Исторический материализм претендует на то, что он обладает объективным критерием общественного прогресса. В качестве такового он выдвигает уровень развития производительных сил общества. Претензия на объективность этого критерия со стороны данной концепции философии истории основывается на том, что в этой концепции развитие материального производства трактуется как объективный, закономерный процесс. Вполне ясно, что объективность названного критерия всецело связана с принятием самой этой концепции истории. Заметим также, что объективным критерий прогресса является и у Гегеля, и вообще во всякой концепции всемирной истории, в которой исторический процесс трактуется как подчиненный необходимости. Но в концепции исторического материализма претензия на объективность усиливается тем обстоятельством, что движущая сила истории выводится за пределы сознания, духовности - в сферу материального производства, развитие которого рассматривается как имманентный процесс. Нужно отметить, однако, что строго разделить жизнь общества на духовную и материальную невозможно и в развитие материального производства необходимо включаются и духовные факторы в виде знания и духовных потенций человека. И в материалистическом понимании истории к критерию производительных сил добавляется, в сущности, еще один критерий прогресса - развитие человека, его задатков и способностей. В марксистской концепции присутствует представление и о цели истории. В этом качестве здесь предстает коммунистическое общество, в котором находят разрешение все противоречия и конфликты, с которыми была сопряжена история человечества.

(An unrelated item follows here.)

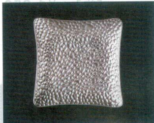
7-1129-1 (80602820) ¥1,400 メタルコースター角打目 ZNI シルバー 76×76×8
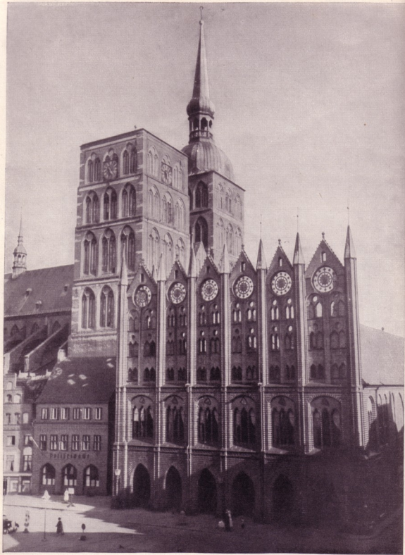
STRALSUND. RATHAUS UND NIKOLAIKIRCHE

Критерий прогресса не выводится из самой истории, из исторических наблюдений, но представляет собой ту мерку и масштаб, с которым подходит историк к анализу исторической действительности. В этом смысле критерий прогресса априорен. Он принадлежит не истории, а философии истории. Известный русский историк и социолог Н. И. Кареев, тяготевший к позитивизму, полагал, что идея прогресса имеет два источника - объективный и субъективный, и в своей объективной составляющей она вполне основывается на историческом наблюдении, на позитивном историческом знании. Например, согласно Н. И. Карееву, мы можем исторически зафиксировать увеличение власти человека над природой [11]. Однако подобная историческая констатация сама по себе вовсе не явилась бы констатацией прогресса в истории. Мы имеем в виду, что подобное историческое наблюдение явилось бы подтверждением прогресса лишь при условии принятия соответствующего критерия прогресса, то есть признания в качестве прогресса именно увеличения власти человека над природой. Но в этом как раз и заключена проблема, что и выявила отчетливо современность, поколебавшая прежние ценностные ориентиры и заставившая человека усомниться в том, что для него лучше - властвовать над природой или довериться ей? Будучи ценностным по природе, прогресс в принципе не может явиться исторической констатацией. И потому всякое «выведение» прогресса из самой истории говорит лишь о неявном пользовании некоторыми ценностными представлениями, которые берутся как что-то очевидное, само собой разумеющееся.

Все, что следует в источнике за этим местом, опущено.